Should I do the same for the ad10 - ad14 drives before I gmirror?  

And should I mount the partitions before I start installing?  What should I configure while installing/after installing?

Thanking you all for your time and help,

atwinix


----------



## SirDice (Dec 13, 2010)

Why are you gstriping ZFS? Use the functionality of ZFS.

And you really don't want to stripe your swap. When one of the drives fail the entire swap will fail.


----------



## phoenix (Dec 13, 2010)

atwinix said:
			
		

> I am installing FreeBSD 8.1 x64 through the Fixit Shell and I need to set it up to run on ZFS.  I am currently experimenting in a virtual environment before I build the actual system. (See attached File)
> 
> I have ad4, ad6 and ad8 to be striped and then mirrored to ad10, ad12 and ad14.



No, no, no, and no!

First, you want mirrors (RAID1) striped together (RAID0) to get RAID1+0 aka RAID10.  You do *not* want stripes (RAID0) mirrored together (RAID1) to get RAID0+1.  Bad things will happen.

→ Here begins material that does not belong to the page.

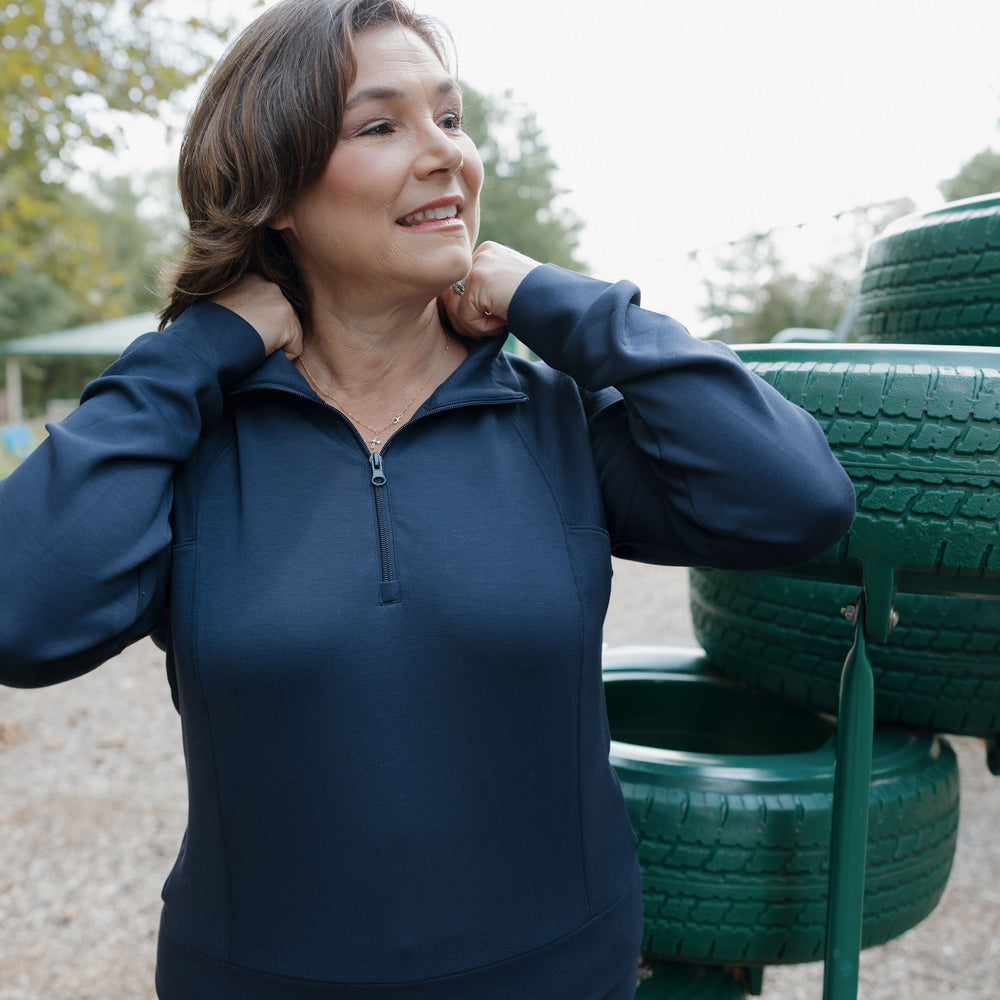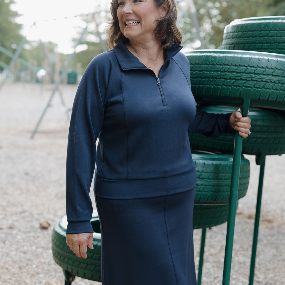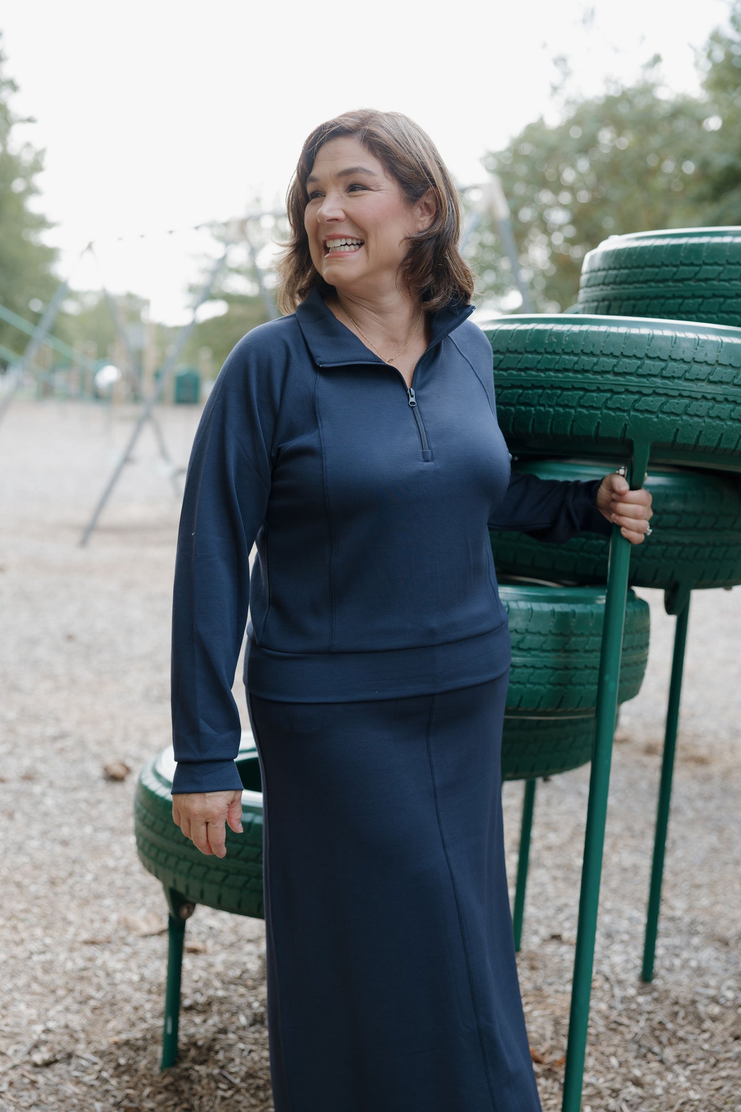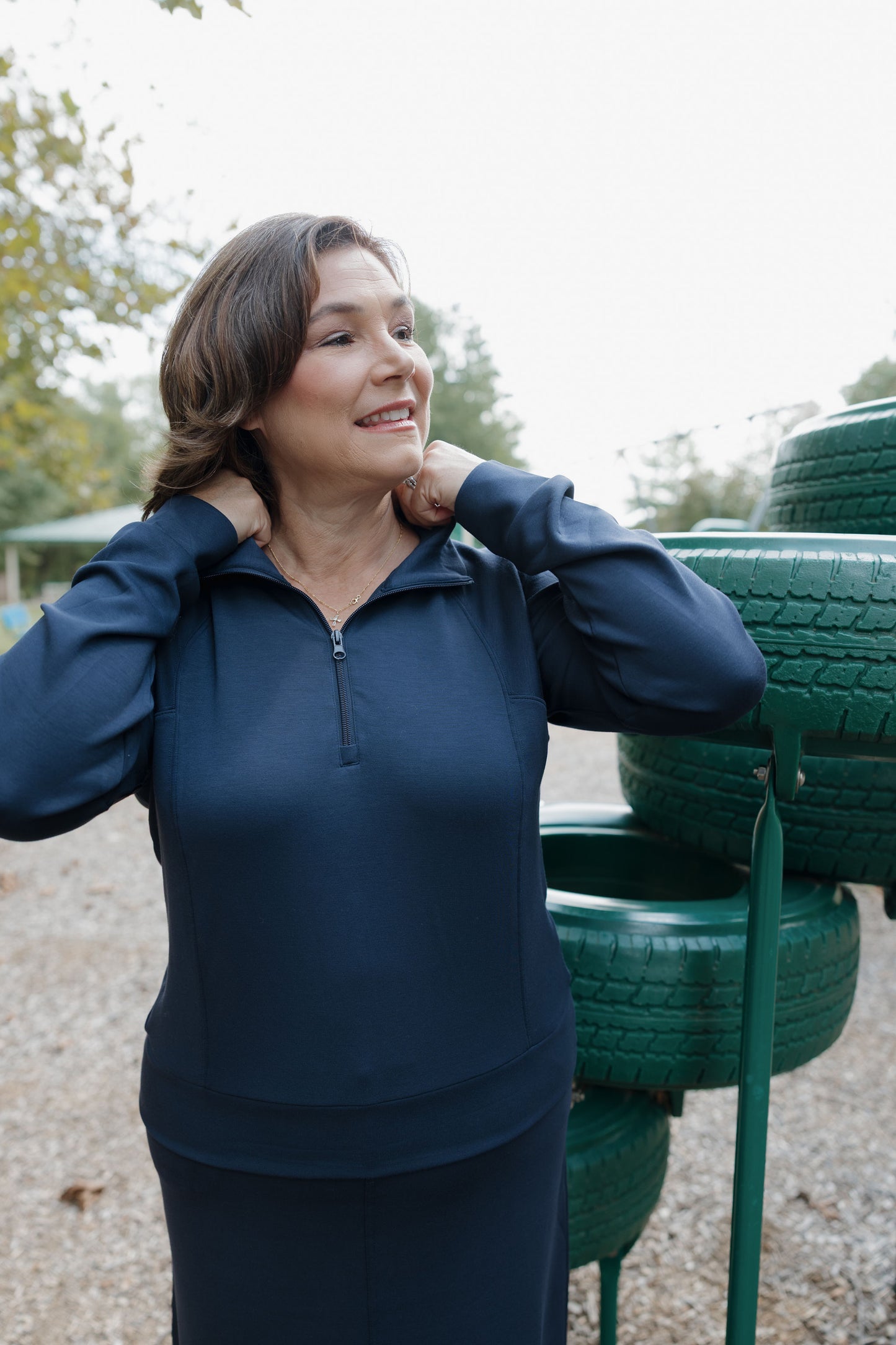 Stay warm and stylish with this navy fleece quarter-zip featuring a comfortable collar. Perfect for layering, it combines cozy warmth with a sleek design to elevate your casual wardrobe. Wear with matching joggers, pants or long skirt!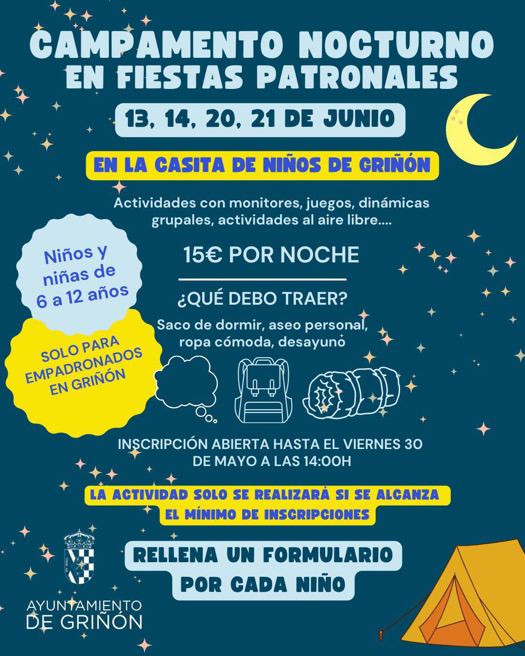 Con el objetivo de apoyar a las familias del municipio y fomentar un disfrute más tranquilo de las próximas fiestas patronales, el Ayuntamiento de Griñón ha puesto en marcha una novedosa iniciativa: un campamento nocturno para niños y niñas de entre 6 y 12 años.

Second, ZFS will do all of that for you.  It automatically stripes together any vdevs you create.  Thus, just create ZFS mirror vdevs, add them all to the same pool, and be done with it:
`# zpool create mypool mirror ad4 ad4 mirror ad8 ad10 mirror ad12 ad14`

Or, if you want to do it in multiple commands:
`# zpool create mypool mirror ad4 ad6`
`# zpool add mypool mirror ad8 ad10`
`# zpool add mypool mirror ad12 ad14`

Third, make your life easy.  Download the PC-BSD 8.1 ISO, and use that to configure a basic mirror pool using 2 drives (ad4, ad6), use it to install FreeBSD, then boot into it.  Finally, add the other two mirror vdevs, and you're done.


----------



## atwinix (Dec 14, 2010)

Well, thanks for the tips guys. I shall definitely revise my method.


----------